== Dataset excerpts
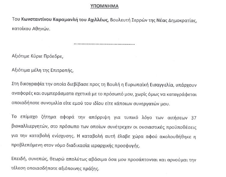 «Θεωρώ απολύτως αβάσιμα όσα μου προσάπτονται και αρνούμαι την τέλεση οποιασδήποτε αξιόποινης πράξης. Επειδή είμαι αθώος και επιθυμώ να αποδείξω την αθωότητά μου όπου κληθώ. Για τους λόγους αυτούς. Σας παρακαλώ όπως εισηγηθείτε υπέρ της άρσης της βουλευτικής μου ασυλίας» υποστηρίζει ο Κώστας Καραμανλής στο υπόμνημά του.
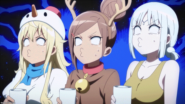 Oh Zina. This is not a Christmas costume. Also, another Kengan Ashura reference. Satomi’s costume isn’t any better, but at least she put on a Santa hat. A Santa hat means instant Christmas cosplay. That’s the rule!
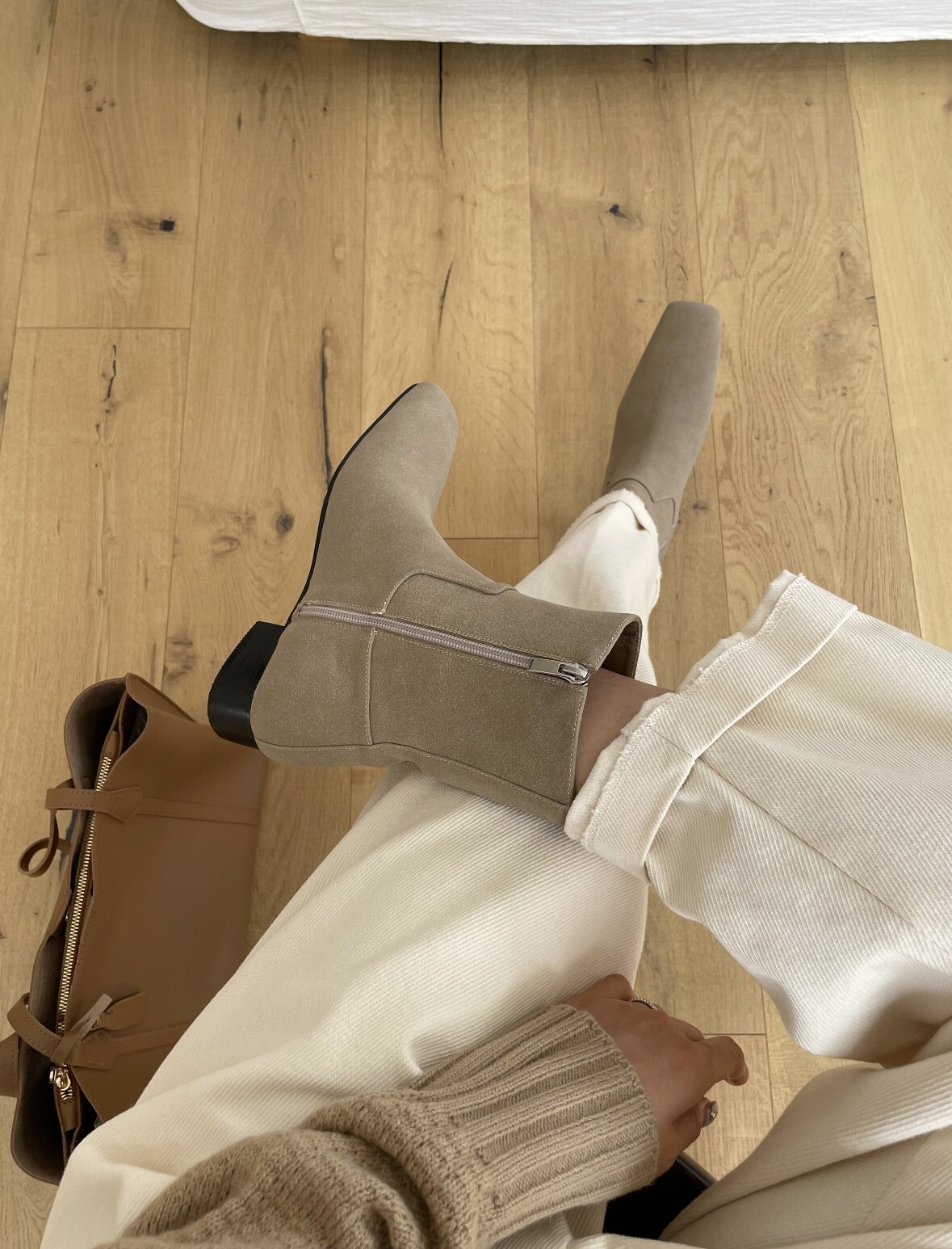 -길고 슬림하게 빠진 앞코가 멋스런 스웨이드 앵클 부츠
====
== Dataset excerpts
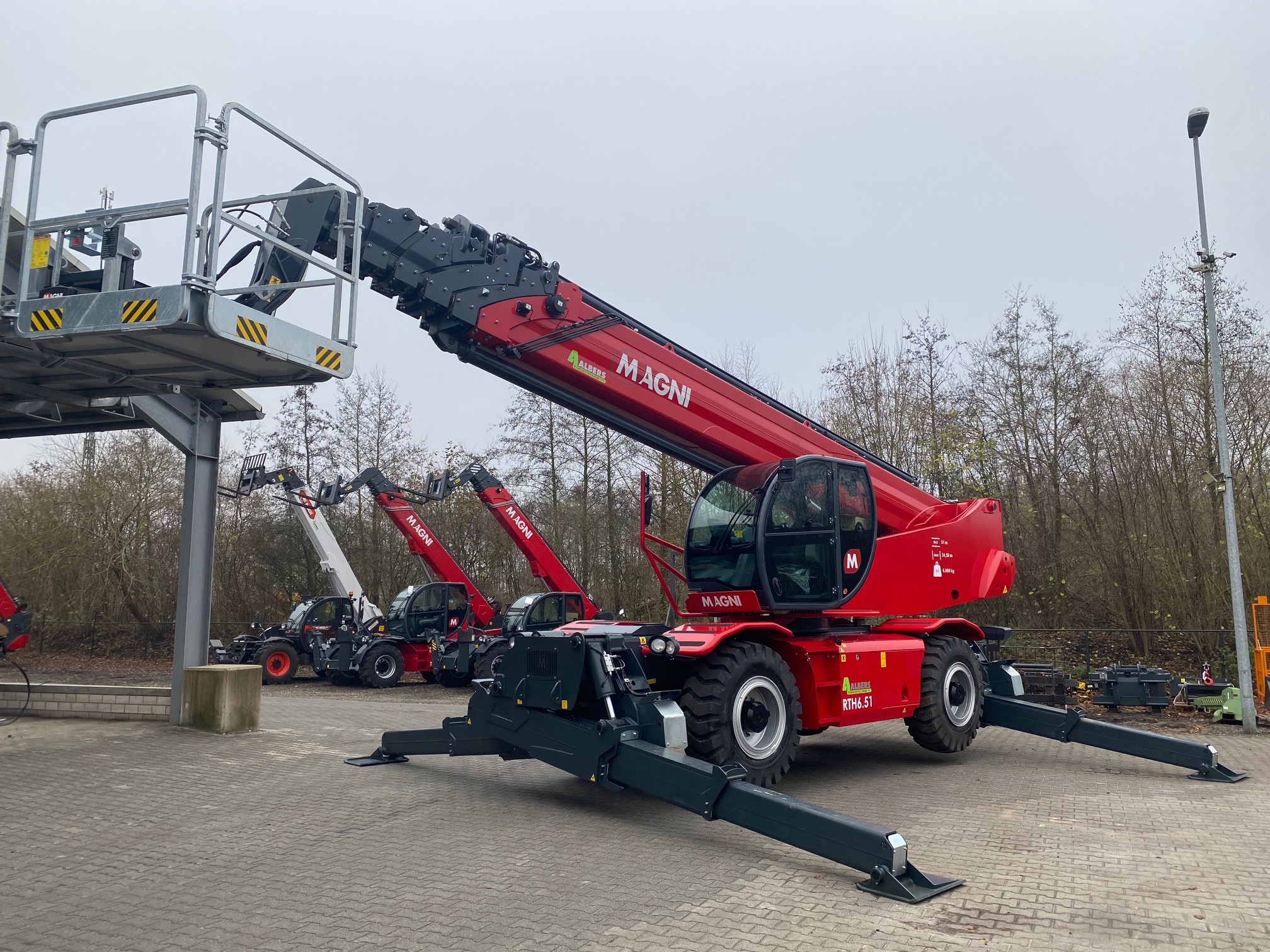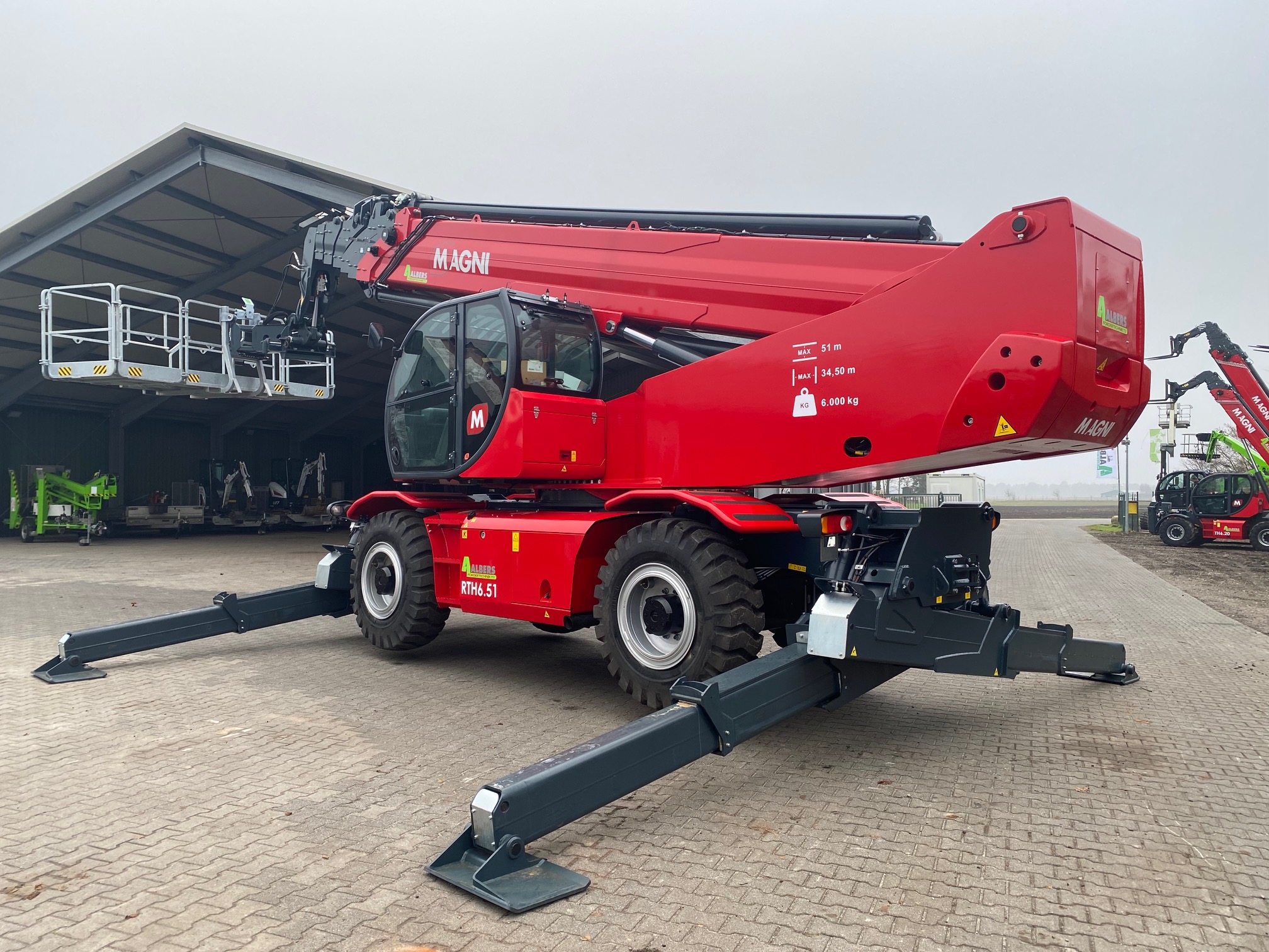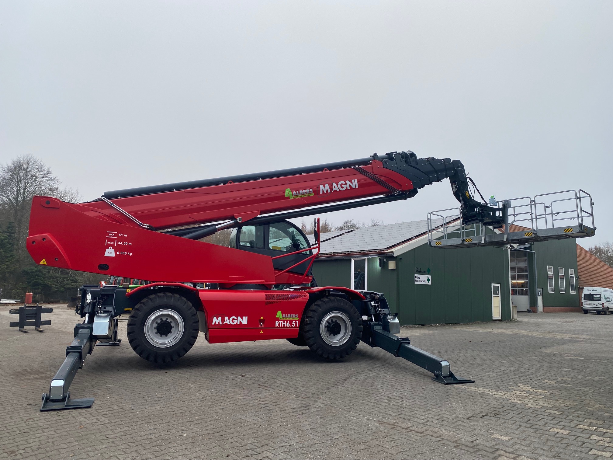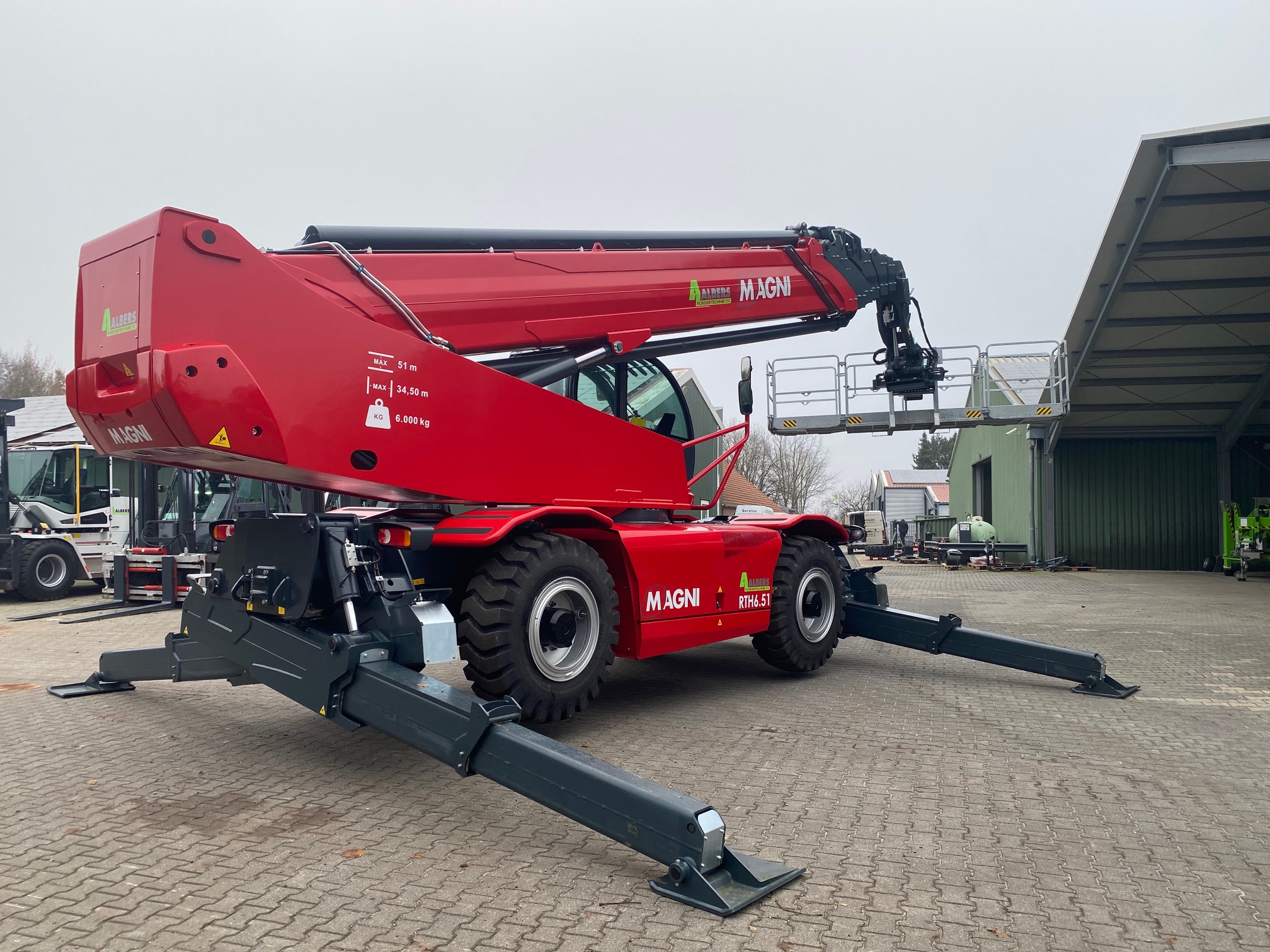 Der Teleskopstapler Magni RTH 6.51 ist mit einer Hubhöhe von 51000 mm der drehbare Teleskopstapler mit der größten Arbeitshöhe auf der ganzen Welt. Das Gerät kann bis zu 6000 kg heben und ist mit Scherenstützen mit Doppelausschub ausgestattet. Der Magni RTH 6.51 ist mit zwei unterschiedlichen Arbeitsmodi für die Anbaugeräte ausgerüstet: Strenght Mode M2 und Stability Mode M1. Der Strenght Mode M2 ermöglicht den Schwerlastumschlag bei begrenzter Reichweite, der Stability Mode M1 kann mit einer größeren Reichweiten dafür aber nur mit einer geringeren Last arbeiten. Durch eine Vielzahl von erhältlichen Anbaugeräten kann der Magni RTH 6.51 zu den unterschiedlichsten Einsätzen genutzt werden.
====
== Dataset excerpts
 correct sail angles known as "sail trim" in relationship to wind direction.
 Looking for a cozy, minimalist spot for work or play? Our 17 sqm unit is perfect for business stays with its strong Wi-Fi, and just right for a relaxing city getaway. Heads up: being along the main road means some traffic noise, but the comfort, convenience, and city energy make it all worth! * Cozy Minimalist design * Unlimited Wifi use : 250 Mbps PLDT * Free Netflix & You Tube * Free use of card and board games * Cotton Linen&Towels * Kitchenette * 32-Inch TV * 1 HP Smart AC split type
====
Task description | Please copy, exactly as written, every line in the listing above from the line with "correct sail angles" up to and including the line with "Looking for a".

Response to this task |
 correct sail angles known as "sail trim" in relationship to wind direction.
 Looking for a cozy, minimalist spot for work or play? Our 17 sqm unit is perfect for business stays with its strong Wi-Fi, and just right for a relaxing city getaway. Heads up: being along the main road means some traffic noise, but the comfort, convenience, and city energy make it all worth! * Cozy Minimalist design * Unlimited Wifi use : 250 Mbps PLDT * Free Netflix & You Tube * Free use of card and board games * Cotton Linen&Towels * Kitchenette * 32-Inch TV * 1 HP Smart AC split type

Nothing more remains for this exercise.